All persistent data should be stored in self._ggraph.

Note that Graph itself cannot be pickled; Graph has Graph.signals, which is a QObject and cannot be pickled. For this reason selection information (which contains references to Graph) is not placed in self._ggraph, so that self._ggraph can be pickled.

__init__(ggraph=None, node_class=None, edge_class=None)

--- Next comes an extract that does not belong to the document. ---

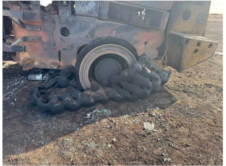
Left rear tire, completely damaged

Constructs a new Graph object

Parameters
  • ggraph (networkx.Graph) – The graph underlying this graph.

  • node_class (class) – The class to represent the graph’s nodes (should be subclass of Node)

  • edge_class (class) – The class to represent the graph’s edges (should be subclass of Edge)

property ggraph
update()

Update any derived aspects of the graph after changes.

setEdgeValidator(validator)

Set an edge validator that will be run when adding edges between nodes. :param validator: the validator :type validator: ConnectionValidator

toNetworkX()

Return a copy of the underlying NetworkX graph.

getData(key)

Return the requested item from the graph’s data dictionary. Returns None if the key is not found.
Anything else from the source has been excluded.